The second innovation is the inverse of the first, adding 
UnreachableValue with semantics similar to the existing unreachable 
instruction, but as a constant. The intended primary user is the 
constant folder itself.

Similarly to undef, combining an unreachable constant with another value 
produces an unreachable constant. "unreachable + 1 == unreachable". You 
can safely put an unreachable on one side of a select as long as that 
side is not chosen (indeed, it indicates that side is never chosen). If 
an instruction evaluates to unreachable, the instruction has "no defined 
semantics" (ie., behaves the same as an unreachable instruction). This 
also means that you can use unreachable constants in PHI nodes (there's 
an obvious optimization opportunity there) and as global variable 
initializers (no 'unreachable' semantic until the load instruction).

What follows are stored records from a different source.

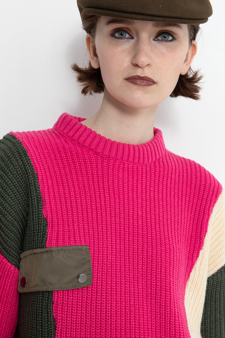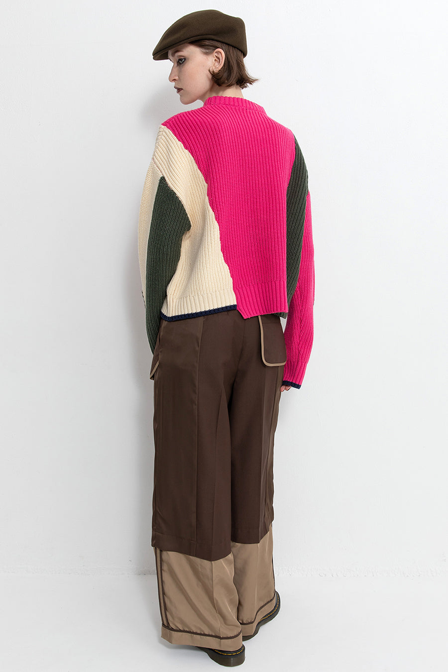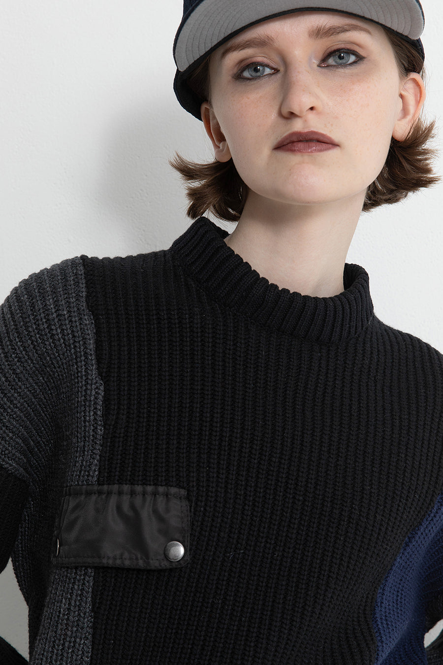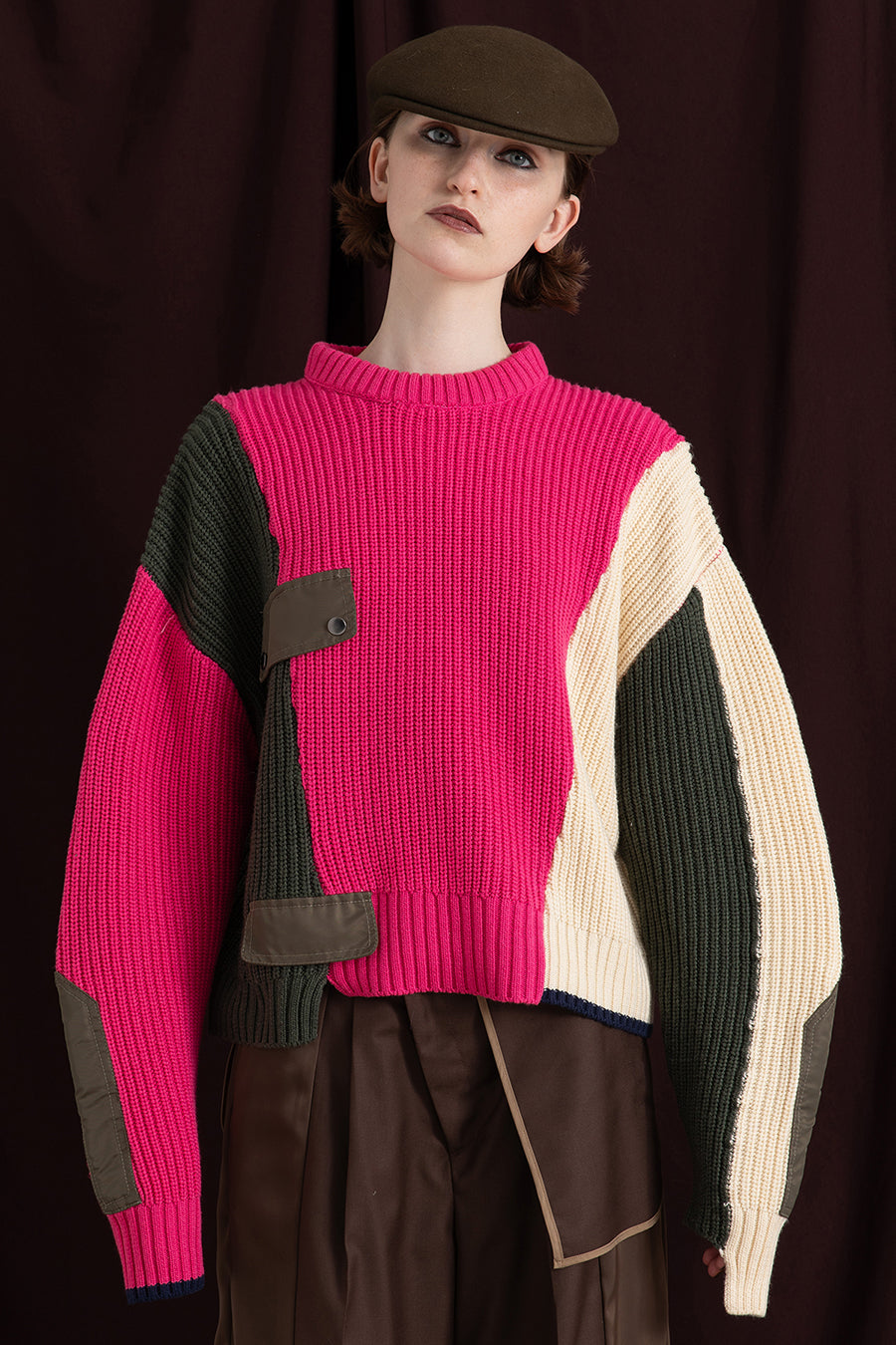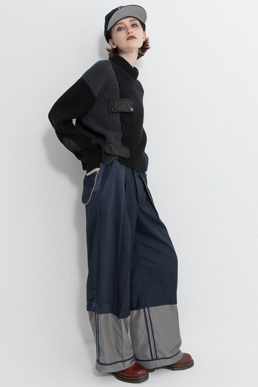 飾りフラップ付きのカラーブロックニット。昨年も人気だったナイロンツイルのポケット付きショート丈ローゲージニットは、今年は3色のアシンメトリーカラーブロックにアップデート。身頃左下と右袖口のラインがアクセントになり、アーミーテイストのデザインとのミックスが他にはないアイテム。ラムウール混の片畦編みで、型崩れしにくいのも嬉しい。オーバーサイズだが着丈が短めなので、ワイドパンツなどにも合わせやすく、緩めのバランスがトレンド◎
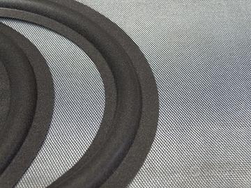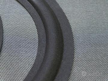Vendo coppia di sospensioni nere per altoparlanti da 250mm - 25 cm - 10 pollici. Materiale: schiuma di poliuretano nera Misure in mm: 247 227 198 180 Bordino interno piegato verso il basso di circa 10 gradi Spessore: 0,7 mm Cedevolezza: medio-alta, sospensione adatta per woofer hi-fi e applicazioni in cui si cerchi alta qualità del suono (microdettaglio) ma anche un minimo di controllo della gamma bassa. Visibili a Milano zona Piazza Abbiategrasso, si vendono a Euro 16 la coppia.
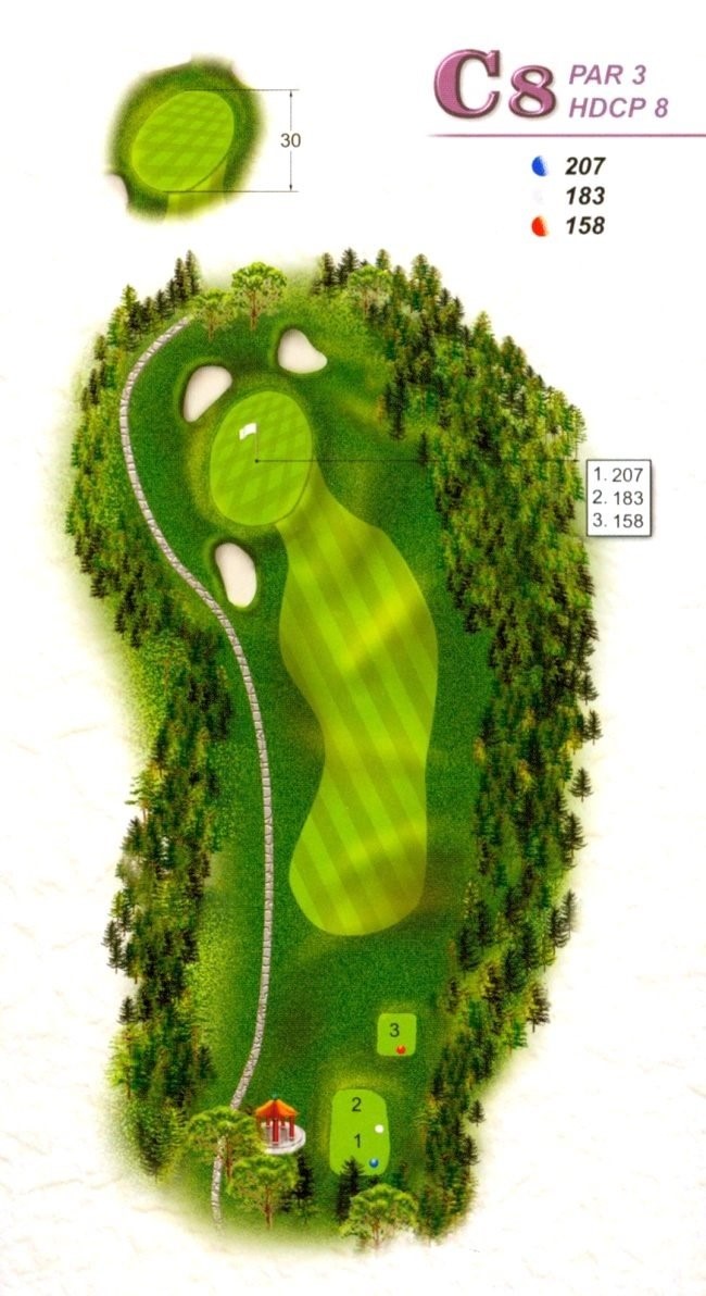 | 本洞左側全線設處罰區,右側邊坡高處也設有OB;第一桿開球落點寬大,盡可能大幅揮桿;第二桿宜中間稍右側用球道木桿或長鐵桿;第三桿用挖起桿送上果嶺,此洞果嶺雖大,小心三推及果嶺前左右側之沙坑。 |
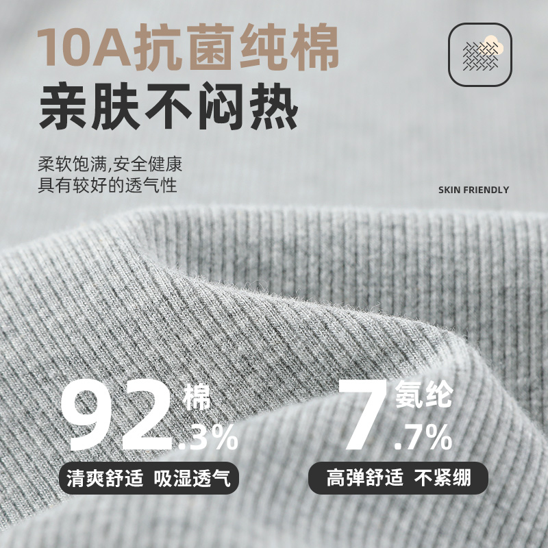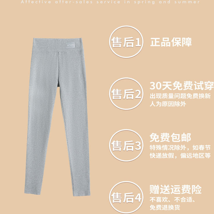 灰色纯棉打底裤女外穿春秋季薄款螺纹秋裤高腰紧身弹力大码九分裤
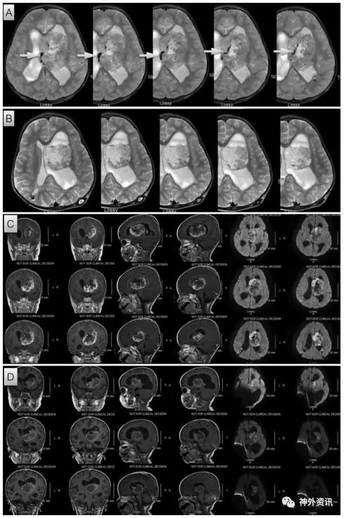 非典型畸胎瘤样横纹肌瘤(Atypical Teratoid Rhabdoid Tumors,ATRT)是一种侵袭性较强的儿童中枢神经系统肿瘤,患儿平均生存时间仅为6月~11月。因肿瘤体积较大、血供丰富和全身血容量储备不足等种种因素,ATRT的全切率不到50%。与ATRT类似的脉络丛恶性肿瘤也是富有血供的肿瘤,手术中出血风险较高。从1990年开始,儿童脉络丛恶性肿瘤常规行术前辅助化疗,肿瘤全切率从原先的26%上升到72%。ATRT术前行辅助化疗的患儿,到目前为止仅3例。美国路易斯维尔大学医学院神经外科的Meena Thatikunta等在2017年3月《J Neurosurg Pediatr》在线上报道第4例术前进行辅助化疗的ATRT患儿。
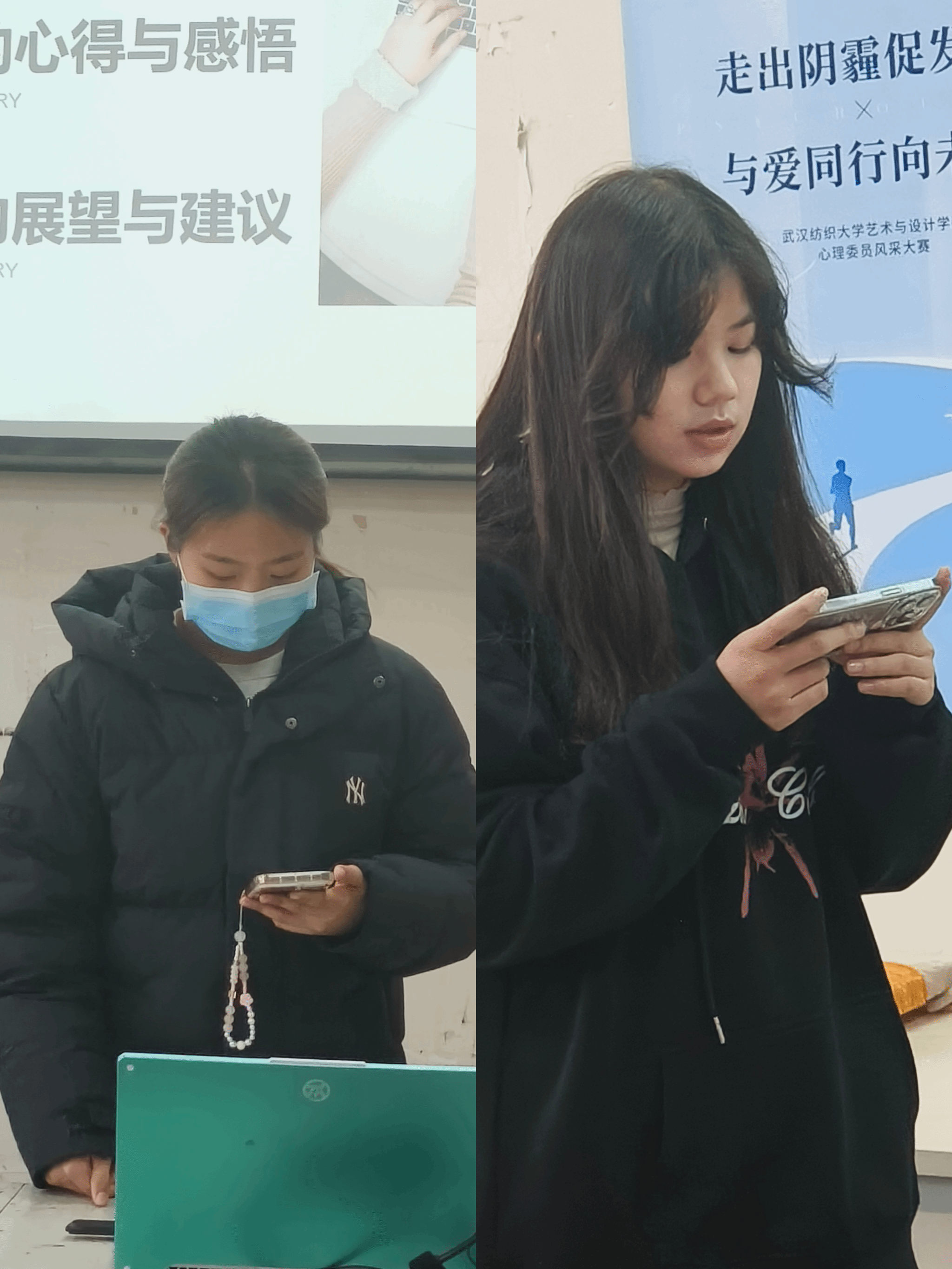 在本次心理委员风采大赛中,产品设计12201班屈慧琳、视传12203班饶亚男荣获一等奖,环艺12203班谭芷倩、工艺12201班吴薇、公共12202班朱雨晨荣获二等奖,设计学12303班王海璐、工设12301班梅智源、工艺12202班张瑞希、公共12201班彭心烨荣获三等奖。

If an optimization shows that an instruction is equivalent to an 
unreachable constant it is best to transform the instruction into an 
unreachable, but if you simply RAUW+DCE the instruction then you've 
pushed the unreachable safely down the line, and the optimization is 
correct with a missed optz'n opportunity.

One of the major benefits of framing unreachability as a value is that 
you can accidentally propagate control flow information through any data 
flow algorithm.

We should add UndefInst and UnreachableValue first, then audit calls to 
UndefValue::get to see whether the optimizer should create an undef 
instruction, an undef value or an unreachable constant.

The first patch in the series adds the unreachable constant: 
http://reviews.llvm.org/D18686 .

I tried implementing this as a ConstantExpr where the expr was 
Instruction::Unreachable but it didn't come out cleanly because the 
unreachable instruction is both a terminator and has void type. No other 
ConstantExpr is a terminator, or has void type. Making constant folding 
potentially change the type to void was very awkward as well.

Anyways, please let me know what you think!

Nick